"after the party"
Format: CD, LP
Time: 42 min.
Style: Pop Punk
It's been a damn good ride aging with The Menzingers from my 20's into my 30's. This album, seasoned, weathered and so full of experience, couldn't have come at a better time because it addresses exactly that transition. Over the course of the years, they've gone from the feisty, aggressive days of records like Chamberlain Waits and Hold On Dodge to more tempered, mature and melodic dad-rock/dad-punk because as life wears on you, you need to take it down several notches. Their music's gone from shots of whiskey to now, a long, slow gulp that reflects on the past. After The Party does look back at the party of being young, and addresses the after-party known as growing old and reflecting on those years, fondly, with no regrets and of course, with wonder.
'Where are we gonna go now that our 20's are over?' drives the opening track, "Tellin' Lies," warning you not to fool yourself when the time comes to put to bed the fire of youth. It's one of so many songs here that are catchy, anthemic, singalong bangers fit for fans who wanted more punk from The Gaslight Anthem. Tom May and Greg Barnett are on point as usual, singing about how to embrace the seasons changing. Most of those songs shouldn't come as any surprise because you've seen how they weaned off The Menzingers of old on songs like "Ava House", "Transient Love" and "Nothing Feels Good Anymore" over the years. Rented World and On The Impossible Past felt like clinging to the past whereas After The Party is fully letting go of it and embarking on new chapters. The title track, "Lookers", "Your Wild Years" and "Bars" are all mid-tempo jams with high rises, swelling choruses and shoutalong sections that reiterate older can mean better.

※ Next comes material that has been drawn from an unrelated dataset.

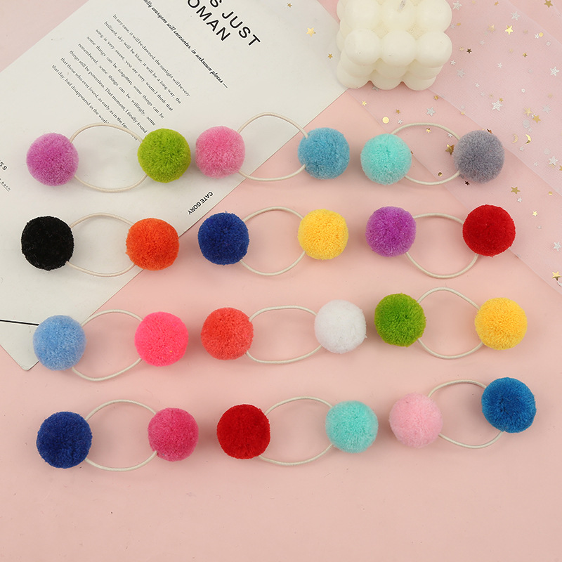 简约ins风手工毛绒扎头发高弹皮筋 儿童彩色毛球头绳糖果色发饰
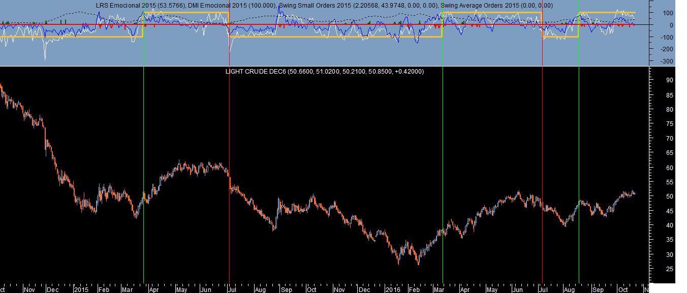 Começando pelas posiçoes compradas no Petróleo, fica um gráfico diário da verificaçao do cálculo da respetiva tendência ascendente:

"Thick As Thieves" is another gem for fans of Rolling Stones, Springsteen and AC/DC with its buzzy guitars kicking in later on to throw back to their earlier days. In fact, it's a great representation of how diverse the band's gotten as "House on Fire" unfolds with a hazy set of guitars that quickly become enveloped by a post-rock glaze of shimmer. Same for "Livin' Ain't Easy" which has a subtle ambiance of Kite Party. This arguably stands as their most musically free and explored record to date with "Black Mass" punching you in the gut as a slow-dancer for broken hearts, ironically tailoring a bit to Greg's brother, Bob, when he ripped hearts out on Captain We're Sinking's "A Bitter Divorce."
They've never felt as personal to me and I guess it's because they caught me at the age when this stings the most. "Boy Blue" amps it up a bit, filled with Will Yip's production signature, a-la the post-hardcore Title Fight we've all grown to love and wonder what the fuck happened, or to be a less harsh, like new-era Basement. All in all, you get the full scope of the band throughout this album's progression - where they were, are now and will be. After The Party is an epiphany for the lost who are scared of growing old but as this record remonstrates, fuck it, these older years will be a hell of a ride, once you make it such. They'll be weird but fun and you can keep breaking rules. The big hooks, crunchy guitars and foot-stomping jams will surely have fans erupting at live shows for these songs, because the album's such a rich, full novel, musically and lyrically which we all can, or will end up, relating to. Life does pass us quickly by so let's stop once in a while and take it in. And when we feel like we're way ahead of it, dial it back like this album says, and soak in the glory days of old (*Review writen by Renaldo 69 ).